> [What you have to do]:
Starting at the first line of the data and ending at the line with "承载游客的小火车穿梭在紫色的韭菜坪。", copy each line exactly. Include both of those lines, but no pictures.
==*==
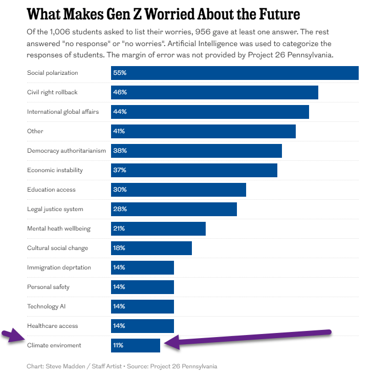 10. Interesting Poll of Pennsylvania College Kids….2% Trust Politicians, Climate/Environment Ranks Last in List of Worries, and Academics Come In Last for Information Sources
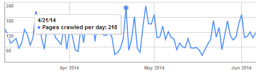 The number of crawled pages has decreased from 218 in 21 May to 48 in 22 May.
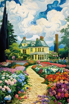 a painting of a garden of colorful flowers, Victorian manor in background, nimbus clouds, landscape,vangogh
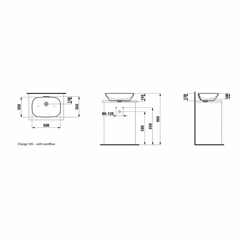 Накладная раковина Laufen Ino 50х36х13см, арт. 8.1230.2.000.109.1, SaphirKeramik, без отверстия для смесителя, с переливом
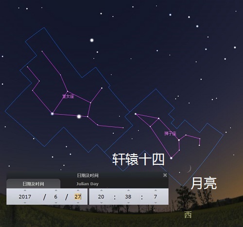 今天日落后,如果天气晴朗,请看西边天空,那儿有一弯月牙儿,月牙儿正位于狮子座中,朝它弯向的方向看去,有颗亮星,那就是狮子座中最亮的星轩辕十四。
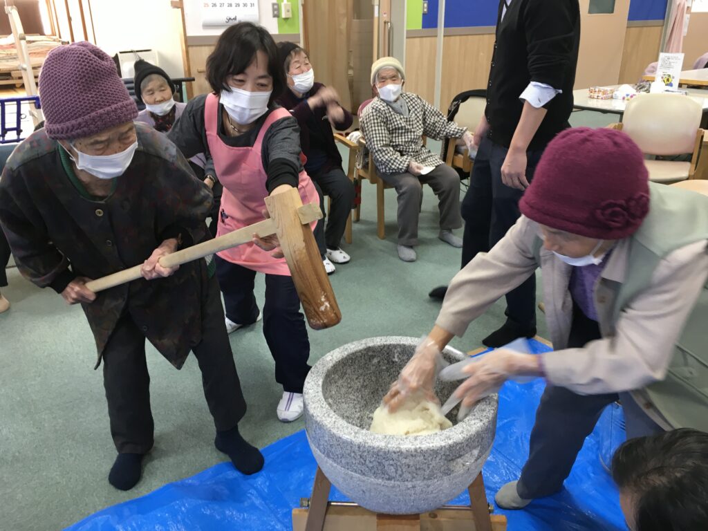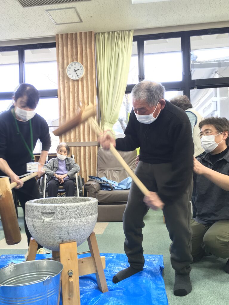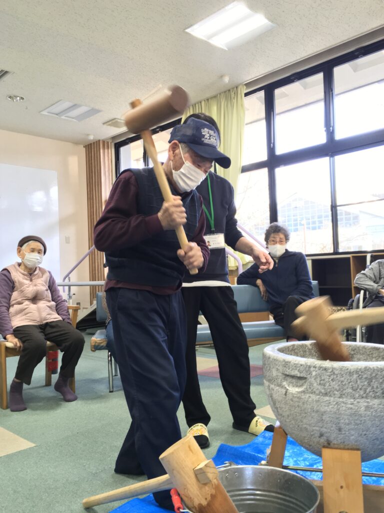昭和村デイサービスでは餅つきは、利用者様に昔を思い出し懐かしむことで、楽しみを一つでも増やして頂くことを目的に行いました。今後も、楽しみを持って生活して頂けるように取り組んでいきたいと思います。
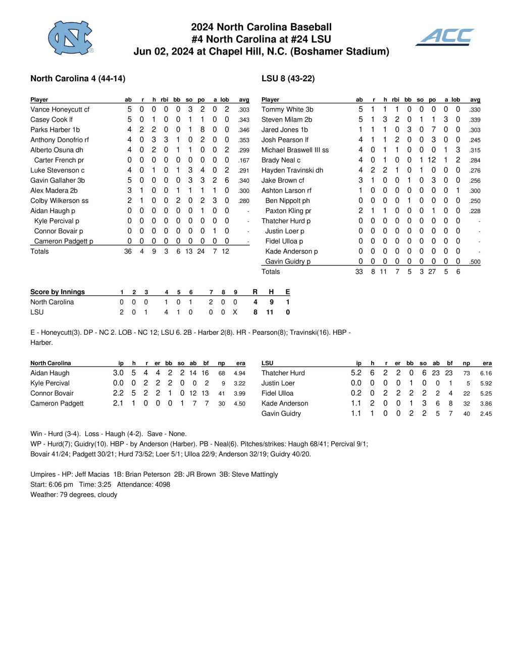 LSU (43–22) earned a spot in the Sunday night’s game by beating Wofford earlier on Sunday 13–6 in an elimination game, and kept that momentum against the Tar Heels.
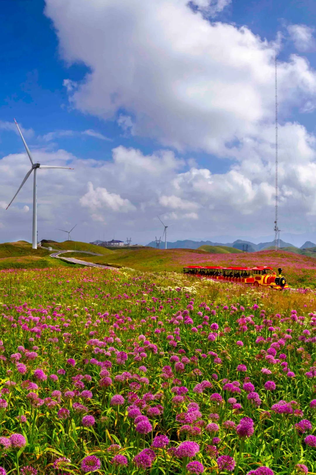 承载游客的小火车穿梭在紫色的韭菜坪。
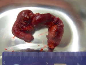 下は切除した消化管です。このあと、健常部どうしを繋ぎ合わせました。
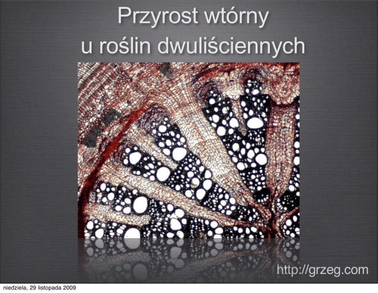 Przyrost wtórny u roślin dwuliściennych http://grzeg.com niedziela, 29 listopada 2009 Dwuliścienne – typy przyrostu wtórnego floem pierwotny Tilia floem pierwotny floem wtórny kambium kambium ksylem wtórny ksylem pierwotny floem pierwotny ksylem pierwotny Aristolochia floem pierwotny floem wtórny kambium kambium ksylem wtórny ksylem pierwotny ksylem pierwotny floem pierwotny kambium ksylem pierwotny Helianthus floem pierwotny floem wtórny kambium ksylem wtórny ksylem pierwotny niedziela, 29 listopada 2009 Aristolochia sipho – budowa pierwotna i przyrost wtórny łodygi niedziela, 29 listopada 2009 Aristolochia sipho – budowa pierwotna łodygi niedziela, 29 listopada 2009 Aristolochia sipho – budowa pierwotna łodygi epiderma kolenchyma mi kisz kory pierwotnej endoderma sklerenchyma perycyklu mi kisz perycyklu niedziela, 29 listopada 2009 Aristolochia sipho – budowa pierwotna łodygi kolenchyma kambium mi kisz metaksylemu naczynie metaksylemu protoksylem mi kisz rdzenia niedziela, 29 listopada 2009 Aristolochia sipho – budowa pierwotna łodygi Kambium mi dzywi zkowe niedziela, 29 listopada 2009 Aristolochia sipho – przyrost wtórny łodygi niedziela, 29 listopada 2009 Aristolochia sipho – przyrost wtórny łodygi fellem peryderma fellogen felloderma fragment rozerwanego pier cienia kolenchymy fragment rozerwanego pier cienia sklerenchymy niedziela, 29 listopada 2009 Aristolochia sipho – przyrost wtórny łodygi floem kambium ksylem niedziela, 29 listopada 2009 Aristolochia sipho – przyrost wtórny łodygi floem kambium ksylem (ostatniego roku) granica przyrostu rocznego promie rdzeniowy wtórny ksylem (2 lata starszy) promie rdzeniowy pierwotny ksylem pierwotny mi kisz rdzenia niedziela, 29 listopada 2009 Tilia – budowa pierwotna i przyrost wtórny łodygi niedziela, 29 listopada 2009 Tilia cordata – przekrój poprzeczny przez łodygę o budowie pierwotnej niedziela, 29 listopada 2009 Tilia – przekrój poprzeczny przez łodygę o budowie pierwotnej 1 3 2 4 1 epiderma 2 komórki luzowe 3 kolenchyma 4 mi kisz kory pierwotnej 5 floem 6 ksylem 7 kanał luzowy 8 kambium 5 6 niedziela, 29 listopada 2009 7 8 Tilia – przekrój poprzeczny przez łodygę z przyrostem wtórnym niedziela, 29 listopada 2009 niedziela, 29 listopada 2009 Tilia – przekrój poprzeczny przez łodygę z przyrostem wtórnym niedziela, 29 listopada 2009 niedziela, 29 listopada 2009 Tilia – przekrój poprzeczny przez łodygę z przyrostem wtórnym niedziela, 29 listopada 2009 Robinia pseudoacacia niedziela, 29 listopada 2009 Do przygotowania na w. 9 Tematyka: Pierwotna budowa łodygi u ro lin jednoli ciennych. Przyrost wtórny u jednoli ciennych Pierwotna budowa łodygi u ro lin jednoli ciennych Botanika ‒ Morfologia (A. Szwejkowska...) str: 183 (powtórzy ) Praktikum z anatomii ro lin (W. Braune.....) str: 112 ‒ 113 Przyrost wtórny u jednoli ciennych Botanika ‒ Morfologia (A. Szwejkowska...) str: 191 Anatomia i histogeneza... (Z. Hejnowicz) str: 671 ‒ 672 Praktikum z anatomii ro lin (W. Braune.....) str: 168 niedziela, 29 listopada 2009
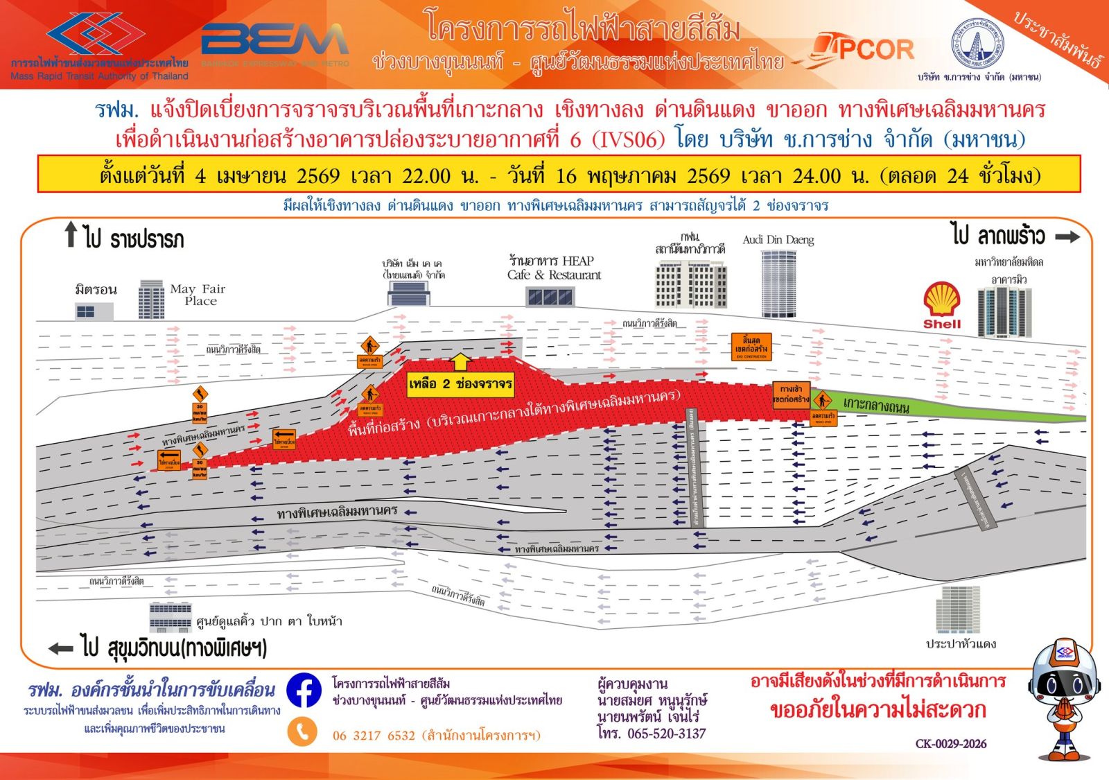 ประชาสัมพันธ์แจ้งปิดเบี่ยงการจราจรบริเวณพื้นที่เกาะกลาง เชิงทางลงด่านดินแดงขาออก ทางพิเศษเฉลิมมหานคร เพื่อดำเนินการก่อสร้างอาคารปล่องระบายอากาศ 6 (IVS06)
==*==
> [Task solution]:
 10. Interesting Poll of Pennsylvania College Kids….2% Trust Politicians, Climate/Environment Ranks Last in List of Worries, and Academics Come In Last for Information Sources
 The number of crawled pages has decreased from 218 in 21 May to 48 in 22 May.
 a painting of a garden of colorful flowers, Victorian manor in background, nimbus clouds, landscape,vangogh
 Накладная раковина Laufen Ino 50х36х13см, арт. 8.1230.2.000.109.1, SaphirKeramik, без отверстия для смесителя, с переливом
 今天日落后,如果天气晴朗,请看西边天空,那儿有一弯月牙儿,月牙儿正位于狮子座中,朝它弯向的方向看去,有颗亮星,那就是狮子座中最亮的星轩辕十四。
昭和村デイサービスでは餅つきは、利用者様に昔を思い出し懐かしむことで、楽しみを一つでも増やして頂くことを目的に行いました。今後も、楽しみを持って生活して頂けるように取り組んでいきたいと思います。
 LSU (43–22) earned a spot in the Sunday night’s game by beating Wofford earlier on Sunday 13–6 in an elimination game, and kept that momentum against the Tar Heels.
 承载游客的小火车穿梭在紫色的韭菜坪。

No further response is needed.